Exercise material
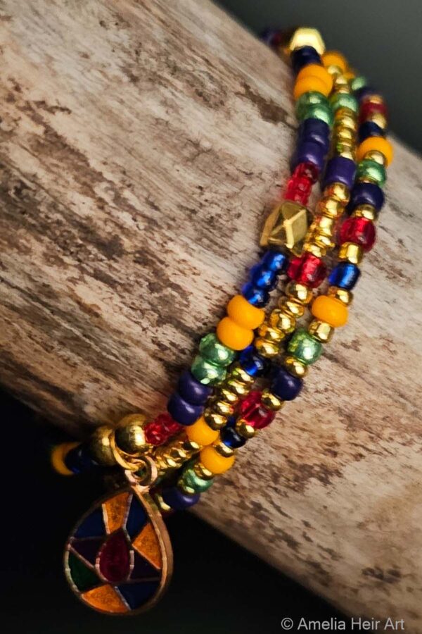 Use a measuring tape, preferably a soft flexible one often used in clothing measurements.  Wrap the measuring tape around your wrist and find the length that is most comfortable for you. Keep in mind that the bracelets are sized in ½ inch increments and are on a stretchy cord.  If you find that your comfort level is in between ½ inch sizes, move the measuring tape on your wrist to the ½ inch just smaller and the ½ inch just larger, and choose the size level that feels best for you, one with a little more give or one that is a little snug.
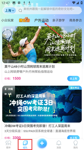 3、組隊板塊戶外運動類,有莫干山網(wǎng)球、沖繩潛水考證行程,提供專屬戶外體驗與極限樂趣,可點擊去上車。
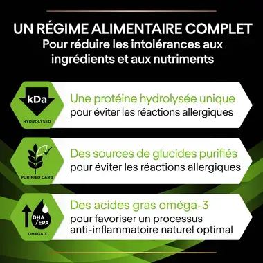 Aliment diététique complet pour chiots* et chiens adultes pour le diagnostic et la prise en charge des allergies et intolérances alimentaires, avec des protéines hydrolysées et des sources de glucides sélectionnées.
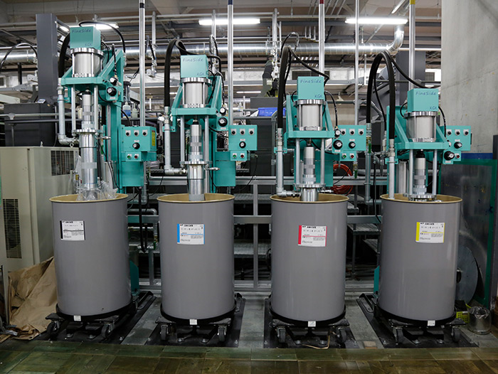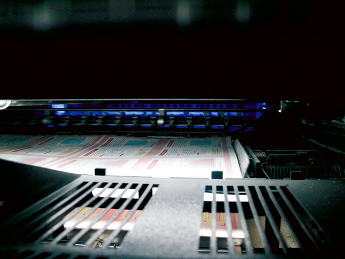 当社所有の菊全判およびA全判カラー印刷機には全て、高性能LED-UV乾燥システムを搭載。一般的な油性インキの使用時に散布するパウダーが不要になったことで、紙面上のザラツキやボタ落ちといった不良の発生も防ぎます。刷り本の擦れや排紙部分での裏写り防止にも効果を発揮し、インキの使用量が多い写真集やカタログなどの印刷に最適です。また、当社で使用するLED-UV用のインキはNon-VOC対応のインキで、環境に配慮されたものとなっています。
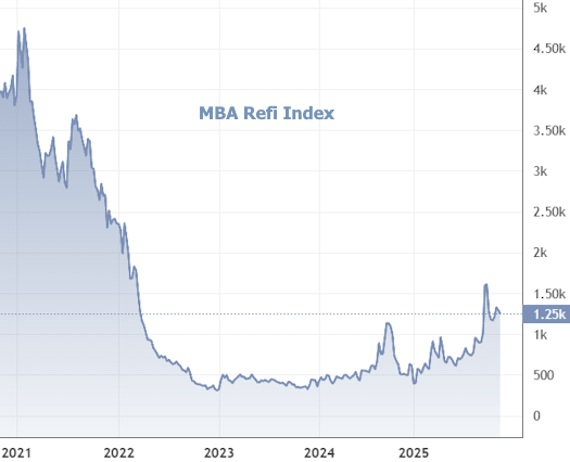 Viewed in context, refi demand is still well into post-2020 recovery territory, even if weekly swings look choppy.
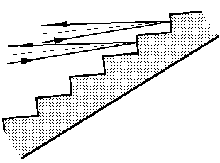 2 = Echelle-Gitter: Das Echellegitter enthält 316 Linien pro Millimeter und wird in den Ordnungen 40 bis 61 benutzt. Das Echelle-Gitter ist als sogenanntes Blaze-Gitter ausgebildet, d.h. die Gitter-Furchen sind als Stufen ausgebildet und die Vorderseiten der Stufen sind verspiegelt, so daß das Gitter den einfallenden Strahl optimal in die gewünschte Ausfallsrichtung zurückspiegelt.
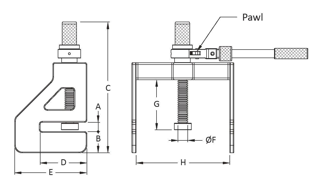 After inserting the press jaw opening into the end part of the section steel flange, push up or down the pawl according to purposes and then operate the handle.
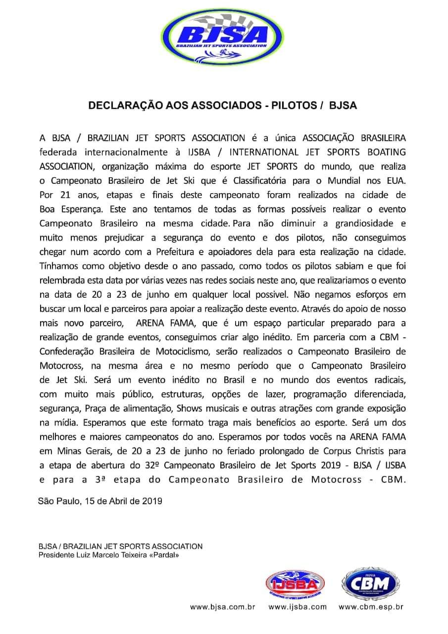 Saiu o calendário da 1° etapa do campeonato Brasileiro de JetSki, será de 20 á 23 de junho de 2019 na cidade de Fama – MG, além disso essa etapa irá contar com a 4° etapa do campeonato Brasileiro de MotoCross, ou seja, um evento duplo, muita adrenalina na água e na terra.
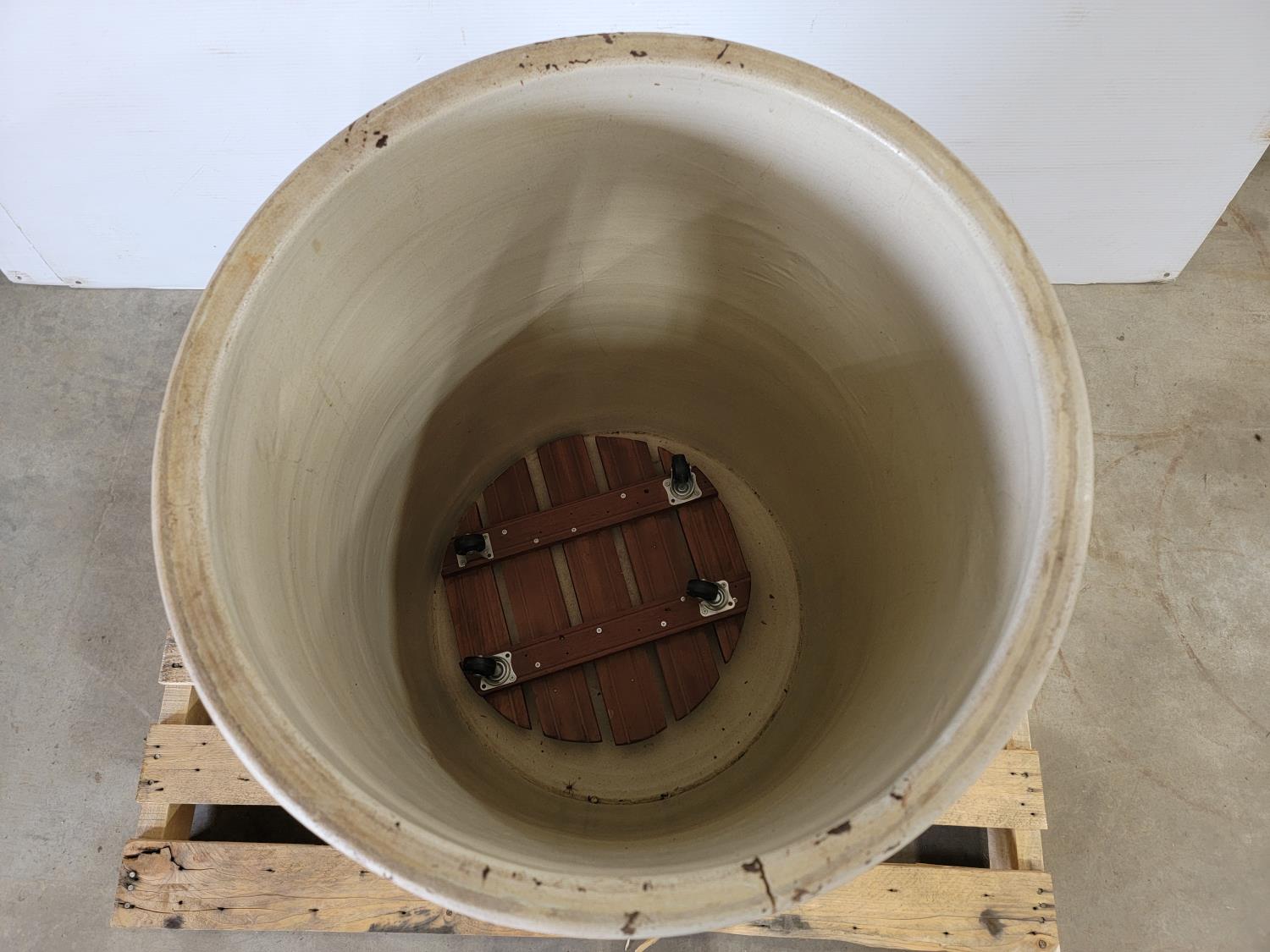 1261 Vintage Medalta 30 Gallon Crock with Dolly

Work task
What you give back must match the material word for word, with no images included.

Your response
 Use a measuring tape, preferably a soft flexible one often used in clothing measurements.  Wrap the measuring tape around your wrist and find the length that is most comfortable for you. Keep in mind that the bracelets are sized in ½ inch increments and are on a stretchy cord.  If you find that your comfort level is in between ½ inch sizes, move the measuring tape on your wrist to the ½ inch just smaller and the ½ inch just larger, and choose the size level that feels best for you, one with a little more give or one that is a little snug.
 3、組隊板塊戶外運動類,有莫干山網(wǎng)球、沖繩潛水考證行程,提供專屬戶外體驗與極限樂趣,可點擊去上車。
 Aliment diététique complet pour chiots* et chiens adultes pour le diagnostic et la prise en charge des allergies et intolérances alimentaires, avec des protéines hydrolysées et des sources de glucides sélectionnées.
 当社所有の菊全判およびA全判カラー印刷機には全て、高性能LED-UV乾燥システムを搭載。一般的な油性インキの使用時に散布するパウダーが不要になったことで、紙面上のザラツキやボタ落ちといった不良の発生も防ぎます。刷り本の擦れや排紙部分での裏写り防止にも効果を発揮し、インキの使用量が多い写真集やカタログなどの印刷に最適です。また、当社で使用するLED-UV用のインキはNon-VOC対応のインキで、環境に配慮されたものとなっています。
 Viewed in context, refi demand is still well into post-2020 recovery territory, even if weekly swings look choppy.
 2 = Echelle-Gitter: Das Echellegitter enthält 316 Linien pro Millimeter und wird in den Ordnungen 40 bis 61 benutzt. Das Echelle-Gitter ist als sogenanntes Blaze-Gitter ausgebildet, d.h. die Gitter-Furchen sind als Stufen ausgebildet und die Vorderseiten der Stufen sind verspiegelt, so daß das Gitter den einfallenden Strahl optimal in die gewünschte Ausfallsrichtung zurückspiegelt.
 After inserting the press jaw opening into the end part of the section steel flange, push up or down the pawl according to purposes and then operate the handle.
 Saiu o calendário da 1° etapa do campeonato Brasileiro de JetSki, será de 20 á 23 de junho de 2019 na cidade de Fama – MG, além disso essa etapa irá contar com a 4° etapa do campeonato Brasileiro de MotoCross, ou seja, um evento duplo, muita adrenalina na água e na terra.
 1261 Vintage Medalta 30 Gallon Crock with Dolly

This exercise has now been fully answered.